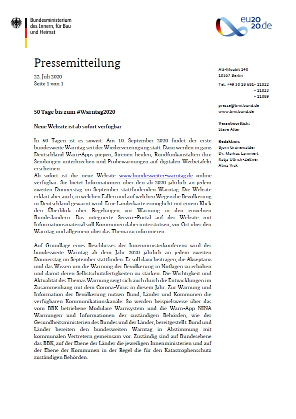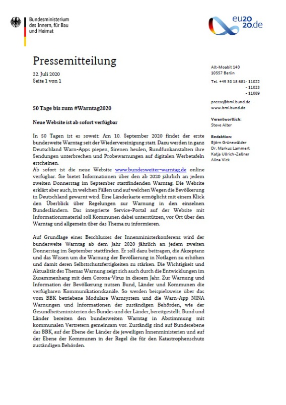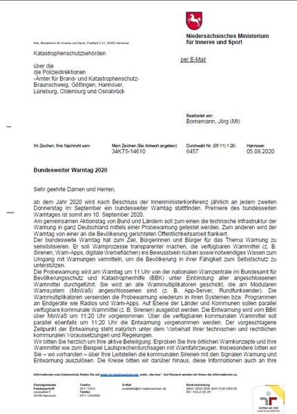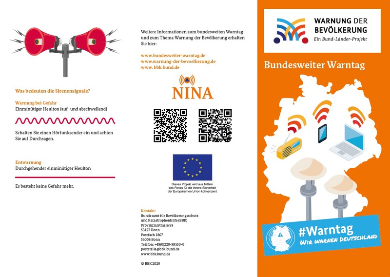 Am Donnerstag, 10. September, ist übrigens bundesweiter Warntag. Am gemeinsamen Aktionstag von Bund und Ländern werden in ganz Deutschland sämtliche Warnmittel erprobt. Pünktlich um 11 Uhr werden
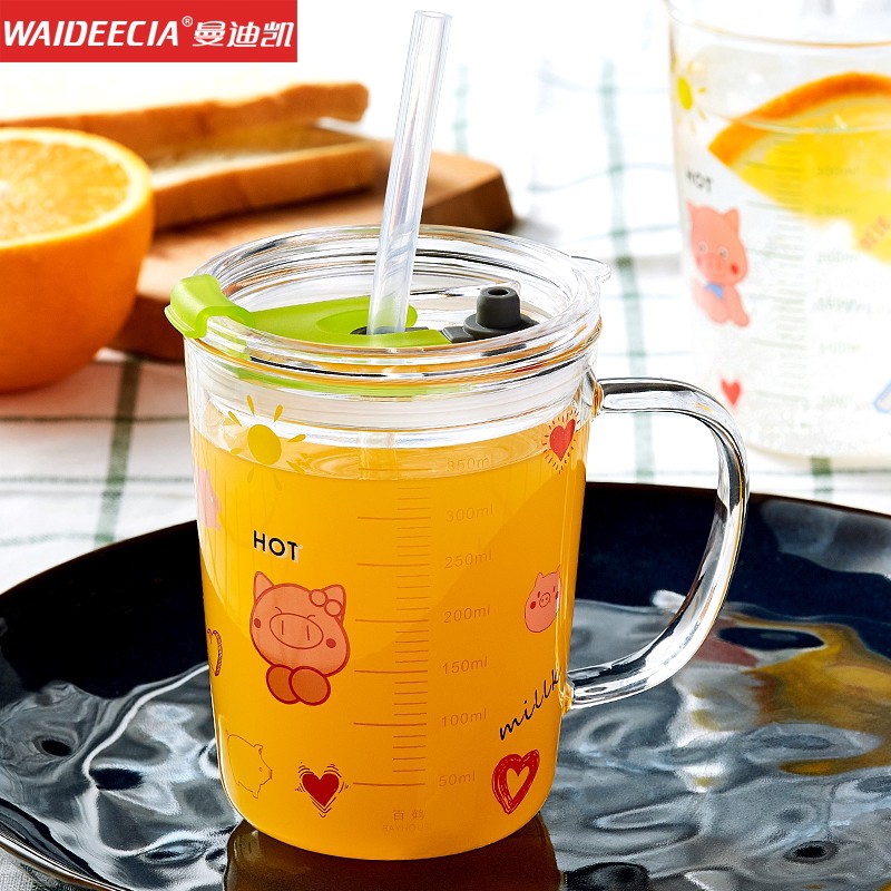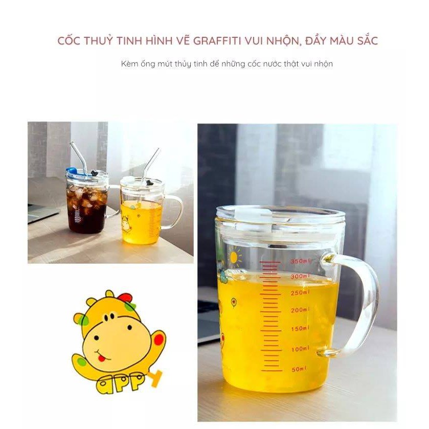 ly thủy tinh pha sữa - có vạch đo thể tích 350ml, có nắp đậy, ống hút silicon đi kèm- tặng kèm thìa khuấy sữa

* * *

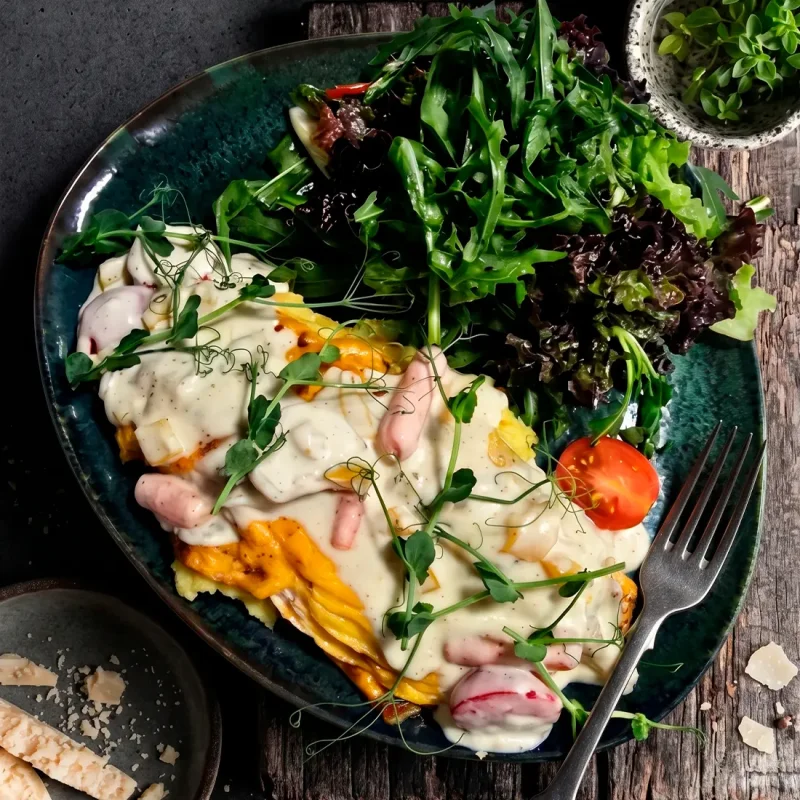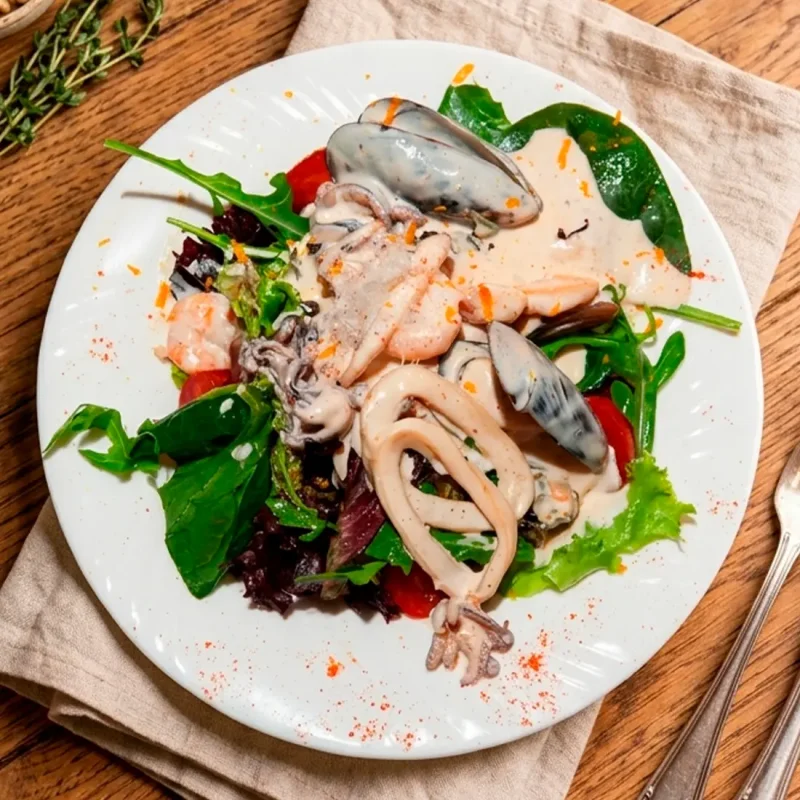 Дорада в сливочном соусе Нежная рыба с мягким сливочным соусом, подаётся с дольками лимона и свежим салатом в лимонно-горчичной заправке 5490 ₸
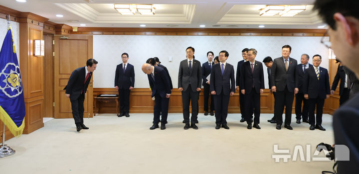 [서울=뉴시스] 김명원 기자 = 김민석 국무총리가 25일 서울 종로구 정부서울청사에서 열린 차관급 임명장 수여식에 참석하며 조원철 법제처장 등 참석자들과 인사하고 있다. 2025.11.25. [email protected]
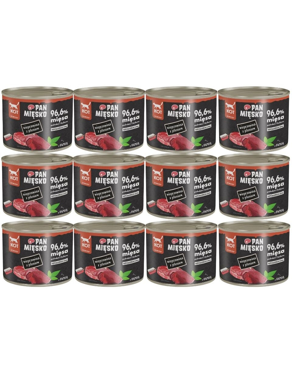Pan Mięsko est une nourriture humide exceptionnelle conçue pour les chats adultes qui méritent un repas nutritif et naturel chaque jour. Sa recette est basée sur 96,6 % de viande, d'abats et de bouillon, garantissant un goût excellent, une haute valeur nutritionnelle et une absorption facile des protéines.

**What this task involves**
Would you write out exactly the lines above, starting at the line containing "Дорада в сливочном" and stopping after the line containing "[서울=뉴시스] 김명원 기자"? Omit the pictures.

**Result**
 Дорада в сливочном соусе Нежная рыба с мягким сливочным соусом, подаётся с дольками лимона и свежим салатом в лимонно-горчичной заправке 5490 ₸
 [서울=뉴시스] 김명원 기자 = 김민석 국무총리가 25일 서울 종로구 정부서울청사에서 열린 차관급 임명장 수여식에 참석하며 조원철 법제처장 등 참석자들과 인사하고 있다. 2025.11.25. [email protected]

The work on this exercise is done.